Jeremy Kahn's Dev Blog

There's always a method to my madness.

Developers vs. Engineers vs. Scientists

I’ve been programming professionally for about 3 years at this point, and I’ve noticed some interesting patterns in other programmers I’ve worked with. One of the key differentiators among programmers is motivation. I’m not referring to an individual’s passion to simply be successful in their career, but rather the type of work they want to pursue. The thing they want to do with computers every day, the types of problems they are interested in solving.

The programmers I have observed generally fall into one of three categories: Developers, engineers, and computer scientists (or just “scientists”). These are not silos. They are ranges on a spectrum, and programmers may find themselves oscillating all over this spectrum throughout the course of a day. However, individuals are usually more comfortable in one of these ranges than the others.

It’s important to make something very clear at the outset: The categories I describe here do not imply differentiating levels of aptitude or intelligence. A developer can be every bit as smart as a computer scientist - it’s the interest area that sets programmers apart. It’s also worth noting that the definitions here are not official in any capacity, this is strictly my opinion.


Developers want to get things done. They are the prototypers, the guns for hire, the guys you can trust to get something workable by the end of the day. They are also reliable for driving a project to completion. Developers love to keep up on the latest jQuery plugins and Ruby Gems. They are always learning the newest tools that will solve their problems faster. Developers are especially useful for building websites in deadline-driven environments. From a business perspective, it is valuable to have someone like this who can hack something together without getting bogged down in technical minutiae. As for starting a programming career, “developers” face the lowest barrier to entry.

Developers run into trouble when their tools stop working. When the third-party JavaScript library they’ve been using suddenly doesn’t meet project requirements exactly, they often have to resort to strange workarounds and code comments like /* DON'T TOUCH THIS!! */, rather than gaining a comprehensive understanding of the problem and why their solution works. At least as far as this definition is concerned, a developer’s knowledge area is a mile wide and a meter deep.

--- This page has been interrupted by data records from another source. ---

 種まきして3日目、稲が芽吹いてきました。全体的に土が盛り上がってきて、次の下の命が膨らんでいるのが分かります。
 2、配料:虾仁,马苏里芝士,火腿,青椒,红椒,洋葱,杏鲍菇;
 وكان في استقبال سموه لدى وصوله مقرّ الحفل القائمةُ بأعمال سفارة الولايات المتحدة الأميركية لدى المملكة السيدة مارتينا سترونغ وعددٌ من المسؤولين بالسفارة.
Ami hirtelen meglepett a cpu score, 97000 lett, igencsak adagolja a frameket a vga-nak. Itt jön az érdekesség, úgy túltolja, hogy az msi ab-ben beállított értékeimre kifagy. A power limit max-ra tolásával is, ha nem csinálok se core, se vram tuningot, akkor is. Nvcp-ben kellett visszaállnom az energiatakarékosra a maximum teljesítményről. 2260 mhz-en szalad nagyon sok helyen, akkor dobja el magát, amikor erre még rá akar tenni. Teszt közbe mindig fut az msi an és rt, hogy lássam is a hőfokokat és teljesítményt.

Engineers are interested in the mastery of a problem domain. Engineers don’t settle for solutions that “just work,” they dig until they have a holistic understanding of the big picture. They focus on reusable solutions that scale, elegant architectures, and building tools to automate work. Engineers are adept at designing unique solutions for unique problems. Engineers prefer to write and maintain the Ruby Gems that developers find themselves learning and using.

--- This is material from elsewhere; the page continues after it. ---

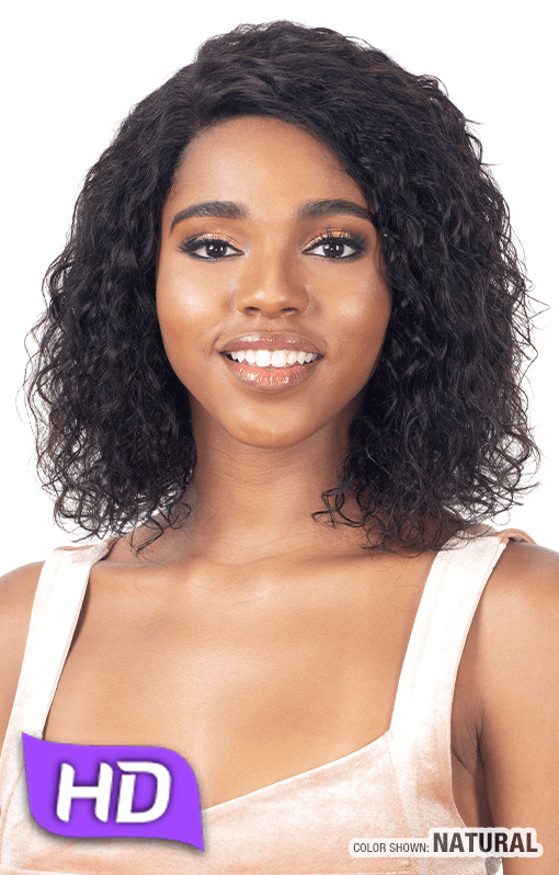 Naked Premium 100% human hair wig – Miley features a bob length, wet and curly style with a ear to ear HD lace and a deep 5″ right side lace part.
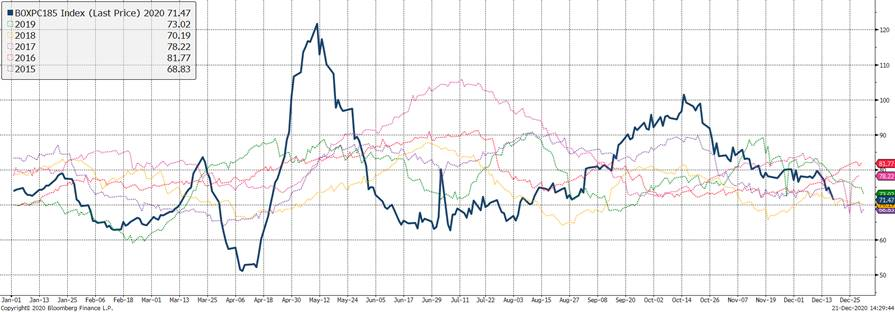 Sur le marché du porc, on note une faiblesse au comptant depuis l’échéance des contrats de décembre. En 4 jours, le cutout a baissé de 5.5 cents/lb et le cash a diminué de -3.30 cents. Il faut dire que depuis 2014, le prix cash est dans le haut des dernières années (pour cette période de l’année) alors que le cutout est dans le bas de la fourchette de la fin décembre, c’est donc un environnement plus difficile financièrement pour les abattoirs américaines comparativement aux années précédentes. De la sorte, des baisses de prix supplémentaires sur la carcasse découpée pourrait très bien amener le prix cash dans le bas des 60 cents la livre. Pendant ce temps, les marchés boursiers restent indifférents puisque l’échéance la plus rapprochée est dans 2 mois, soit à la mi-février, laissant amplement de temps pour voir un revirement de situation.

Engineers are sometimes more interested in building solutions than they are in actually solving problems. Rookie engineers in particular will spend a lot of time solving problems they may never have, because it is an interesting challenge for them. If you are managing engineers, it is important to keep them focused on practical tasks, rather than unrestrained experimentation and exploration. That’s what their Github hobby projects are for.


Computer Scientists live in a world of theory and are the most likely to advance the state of the art. These are the algorithmists, the mathematicians, the statistical analysts. Depending on what you are trying to build, scientists are indispensable. They build solutions for the problems that most people don’t even understand.

At least in my experience, computer scientists aren’t the best builders. While they construct the most elegant and efficient theoretical solutions, they may not write the most readable code or maintainable systems. Since they are in the minority that actually understands certain complex problems, knowledge transfer becomes an issue. Even with good documentation, it can be difficult to get inside the head of a scientist that has been working out a solution for several weeks.

The skill set of a scientist has a lot of overlap with that of an engineer. I would argue that these groups are differentiated by a focus on theory versus implementation. Scientists focus on theory, and engineers focus on actual implementations. The programmer with a good mix of science and engineering is a true phenom and an invaluable asset. This type of programmer is also very rare.

It takes all kinds

A truly effective team consists of all three of these types of programmers. A good baseball team leverages the strengths of each of its players, and a development team is no different. For my own part, I find myself most comfortable near the “engineer” range of the programmer spectrum, but I often venture into the “developer” range for various tasks. I identify myself as a “scientist” less often, but it becomes necessary from time to time. The point is, programmers flit all around the spectrum, but tend to gravitate towards one range more than others. Balance your team according to what you want to build.